Brown Kristian L, El-Amm Jose M, Doshi Mona D, Singh Atul, Morawski Katherina, Cincotta Elizabeth, Siddiqui Firdous, Losanoff Julian E, West Miguel S, Gruber Scott A
Section of Transplant Surgery, Department of Surgery, Wayne State University School of Medicine, Detroit, MI 48201, USA.
Am J Surg. 2008 Mar;195(3):298-302; discussion 302-3. doi: 10.1016/j.amjsurg.2007.12.005.
Prior studies have yielded conflicting results concerning the impact of HCV on renal transplant outcomes.

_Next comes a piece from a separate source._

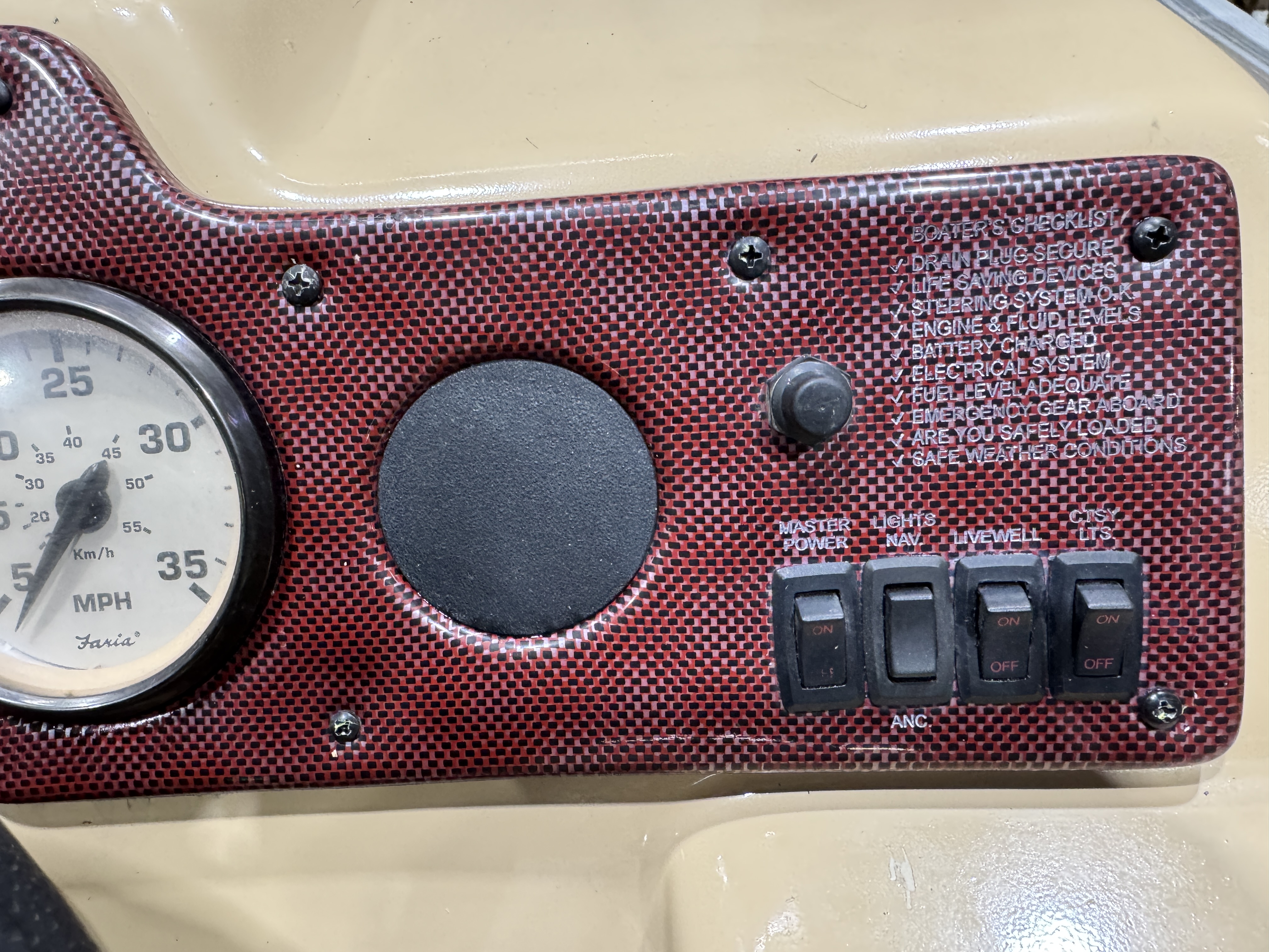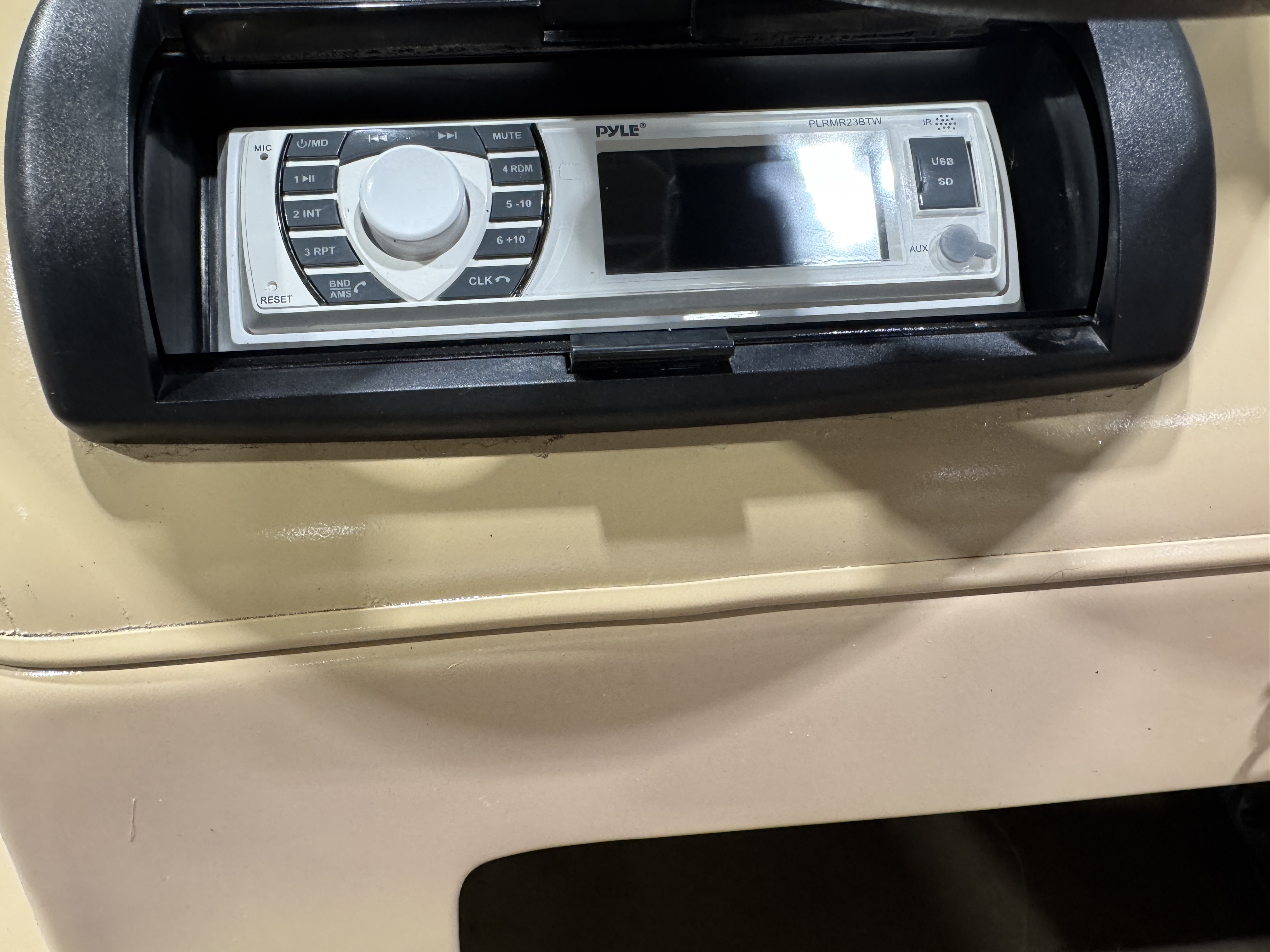 Speedometer, Tachometer, and Fuel gauge. There is a Pyle Bluetooth audio stereo

We examined outcomes in comparable groups of predominantly African American hepatitis C virus (HCV)-positive (n = 34) and HCV-negative (n = 111) kidney transplant patients receiving contemporary immunosuppression.
There was no difference in patient survival or acute rejection, but new-onset diabetes (NODM) was increased and graft survival decreased in the HCV-positive group, with increased graft loss secondary to noncompliance and Type I MPGN. The incidence of NODM among patients undergoing early corticosteroid withdrawal was 11% in both groups, while among those on prednisone, it was 47% in HCV-positive versus 25% in HCV-negative recipients.
Deceased-donor HCV-positive renal allograft recipients have equivalent patient but decreased graft survival. Noncompliance and Type I MPGN play a role in producing this negative effect on graft outcome. Steroids may be required for HCV to exert its diabetogenicity in kidney transplant patients.